Intellij IDEA losing focus in stumpwm on Linux

Or why Oracle sucks!

I just installed Intellij today, not to replace Emacs (or Eclipse for Liferay stuff), but to use for things like PHP (which sucks) that Emacs doesn’t have very good modes for. In addition in Liferay I often have to use Freemarker and Velocity templates, and neither Eclipse or Emacs handle them well (I want debugging).

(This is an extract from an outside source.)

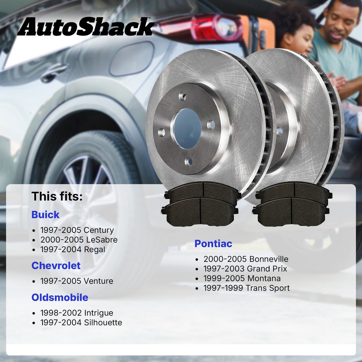 Front Brake Rotors Ceramic Pads for Buick Century Regal Chevy Venture 3.8L Customer Service Returns Shipping Information Warranty At AutoShack, we offer exceptional and fast service to ensure you get the right parts as quick as possible. If you have any questions regarding out parts and services, please ask us a question. Business Hours Monday to Friday: 8:00 am - 7:00 pm ET Saturday: 9:00 am - 6:00 pm ET Sunday: Closed You may also send us an email through eBay at the top right corner of this page. "We are committed to provide you, our valued customer, with a 100% customer experience. We welcome you to contact our experienced customer service representatives with any questions you may have." Our Knowledgeable Customer Service Representatives Are Ready To Help. We will gladly accept the return of your purchased item(s) for a full refund as long as the return is made within 30 days of the invoice date and the item(s) have not been damaged or installed. Purchased bundles may only be returned as a complete bundle. Partial returns of bundles is not permitted. Please Note - AutoShack does not provide free return shipping. Return Shipping cost is only covered in the event of an AutoShack error. FREE SHIPPING* ON ALL PURCHASES! Shipping Options Most orders placed with AutoShack qualify for free shipping within the Continental US. Some order will have an additional shipping cost due to package size or being outside of standard delivery area. *Warranty Replacement items covered under AutoShack’s 6 month Warranty and Limited Lifetime warranty do not include shipping costs due to package size or being outside of standard delivery area. Standard Delivery (Included Free) Delivery is between 2-7 business days. The suggested delivery arrival dates on the site are an estimated arrival time and not guaranteed. All shipping carriers reserve the right to extend delivery time by 24 hours to residential deliveries. This is beyond our control and shipping charges will not be refunded for this reason. Upon receiving your order, inspect all packages thoroughly for missing, damaged, or incorrect parts. Our auto parts warehouse puts forth every effort to prevent shipping damage, however, it does occur occasionally. If you receive your product and it is damaged, please contact our customer support as soon as possible as AutoShack will only accept your claim for up to 4 days from the date of delivery. Please document any damage, as we will require photos. Damaged products will not be accepted for refund unless AutoShack customer service has been contacted and the proper documentation has been provided. You can contact us by telephone, by our option to send an email or by chat. Two Day Express Shipping 2 Business Day Express shipping is now available. Orders placed before 12 pm EST will ship on the same business day. Warranty replacements Items do not ship with Express Shipping. If the customer would like to Have the Limited Lifetime Warranty Replacement Shipped Express, they can pay a nominal fee to get Express Shipping. Due to Express Shipping involving Air Travel some items cannot be shipped express at this time. Currently, these items are AutoShack Strut and Shocks. Note: Because we are a retailer and not a wholesaler, there is a maximum purchase limit of $775 per shipping address per 24-hours. Canadian customers can find our listings on eBay.CA Standard AutoShack Warranty IMPORTANT: By using your AutoShack product, you are agreeing to be bound by the terms of the AutoShack Warranty as set out below. Do not use your product until you have read the terms of the warranty agreement. If you do not agree to the terms of the warranty agreement, do not use the product and return it within the return period stated by eBay. AutoShack hereby warrants, to the original purchaser, that all auto parts & accessories contained in the original packaging against any defects in material and workmanship. All parts sold by AutoShack are brand new, serviceable, and functional. If an auto part is found to be defective within six months* from the original date of purchase AutoShack shall, at its discretion, provide a one-time replacement part. AutoShack is not responsible for, and the warranty does not cover, any damages arising from a failure to operate the product within its intended uses. This warranty does not cover products purchased from sources other than AutoShack. No reimbursements will be given for the delay, labor, mileage, or any other costs involved in the installation or re-installation of the auto parts in question. Warranty does not cover parts installed for an incorrect application. Warranty and shipping damage-related claims may require authentication including, but not limited to Mechanic Diagnosis, Pictures or Video of damaged goods – do not dispose of parts until instructed. Failure to provide authenticating documentation could result in denial of the current warranty claim and forfeit of future warranty. Please note that Struts and Complete Struts must be purchased in pairs (front or rear) or warranty is NULL & VOID. All warranty claims require an image of the warrantied part not attached to the vehicle, and an image showing the part stamp, if visible, on the warrantied part. You may be required to return the part for inspection. Once the warranty claim has been reviewed and approved AutoShack will, at their discretion, provide you with a one-time replacement part. We Stand Behind Our Parts With Coverage You Can Count On. OVER 40 YEARS OF SERVICE EXCELLENCE Front Brake Rotors & Ceramic Brake Pads Kit – Driver & Passenger Side Front Brake Rotors Ceramic Pads for Buick Century Regal Chevy Venture 3.8L Qty. Part Description 1 SCD699 Ceramic Brake Pads 1 R65038PR Compatibility Chart ▲ Make Model Year Notes Position Buick Century 1997 - 2005 Front 10.94 Inch Rotor Diameter | 5 Stud Front Buick LeSabre 2000 - 2005 15 Inch Wheels | Front 10.94 Inch Rotor Diameter | 5 Stud Front Buick Regal 1997 - 2002 Front 10.94

Anyhow. When ever switching windows in Stumpwm away from Intellij and back, Intellij loses focus and doesn’t regain focus until I click at a specific place. Basically the problem is that Stumpwm is not a reparenting window manager, combined with the fact that Oracle sucks. Basically they have hard coded a couple of window managers in swing that they support. Anything else, your basically screwed. Furthermore, Oracle say they only support Gnome and KDE. So if you don’t use a mainstream DE, you are basically out in the cold. Here is a bug report that they have marked as “Not an issue”. This doesn’t really come as a surprise. Java GUI has always sucked. Java is fine for backend applications, for desktop applications, not so much. Though, in all fairness they have gotten better over time, but still are barely usable. I really wish people simply would stop making desktop applications in Java.

I spent a whole weekend trying to fix the issue, but came up blank. And yes, I’ve tried both the wmname LG3D trick and setting _JAVA_AWT_WM_NONREPARENTING=1, but nothing works. I finally gave up, and made a really hacky run and raise command that emulates a mouse click in the correct place. It’s really bad, but it works for now. If anybody has a suggestion how to fix this, please, please leave a comment.


I got this sort of working using a really nasty hack I wrote. It fixes most of the focus issues, but not all. It also causes issues with copy/paste from other applications so I have to use xclip to sync clipboards. Basically I start an xterm, start Xephyr and hijack the xterm window. Inside Xephyr I start metacity, and use devilspie to remove window decorations from metacity. Finally I start Intellij inside. Yeah!

killall -9 devilspie & killall -9 Xephyr & xterm -class intellij -name intellij & sleep 1 && Xephyr -keybd ephyr,,,xkbmodel=pc105,xkblayout=us,xkbvariant=altgr-intl,xkboptions=ctrl:nocaps -ac -br :1.0 -parent `xprop -notype -name intellij WM_CLIENT_LEADER | awk '{ print $5 }'` & sleep 2 && DISPLAY=:1.0 /usr/bin/metacity & sleep 3 && DISPLAY=:1.0 /usr/bin/devilspie & sleep 4 && DISPLAY=:1.0 /usr/bin/intellij




  1. Konstantin Bulenkov

    Hi Brendan!
    Thank you for such a detailed story. I feel I’m not alone who’s fighting with Swing Unix Window Managers integration. I’ve spent months writing hacks in IntelliJ against focus issues on Linux and I think 90% of issues come from Native Window Managers. Same WM behaves differently on the different versions of Ubuntu. Why this never happens with different versions of Windows or Mac OS X?

    All major problems and possible solutions are described here (chapter 2.7) Maybe it will be useful

  2. Brendan Johan Lee

    Hi Konstantin!

    Swing applications are more often than not a nightmare in Linux. Some of it is indeed the fact that WMs in Linux are very fragmentet, but it’s far from the only problem. How often do you see issues with native Linux apps because of your WM? Not very often. It’s not really the case that Swing works fine on Windows. I’ve experienced lot’s of issues with Swing in Windows up through the years. However, they are not as common, and Sun/Oracle generally tend to fix them (eventually). On Linux they generally simply ignore them.

    But back to the fragmentation issue. I think my fix is rather illustrative of the problem. I ended up using metacity in Xephyr, not because metacity worked, but because metacity had the least issues of all of the many WMs I tested.

    Finally the situation is complicated even more by the fact that I use a tiling window manager. This is a concept that is radically different than Windows and OSX, and it really only exists in the UNIX world (why that is I’m not quite sure). Basically, the concept is that the WM and you control where, how and when applications are rendered instead of to a large degree the applications. This saves heaps of time. You don’t spend lots of time tweaking window positions with a mouse, which is a flawed input tool. Everything goes where it should go, always, after some initial configuration. Furthermore focus is where you want it, not where some random application or your operating system happens to want to place it at any given time. It is a much better, faster, and more productive concept tha the concepts we know, now mainly from Windows. However, it’s radically different than the norm, and when software developers developing core features (such as Swing) ignore it, that causes lots of bugs and problems.

    Anyhow, I feel your pain. I really loathe working with Swing, and I will do pretty much anything to avoid it.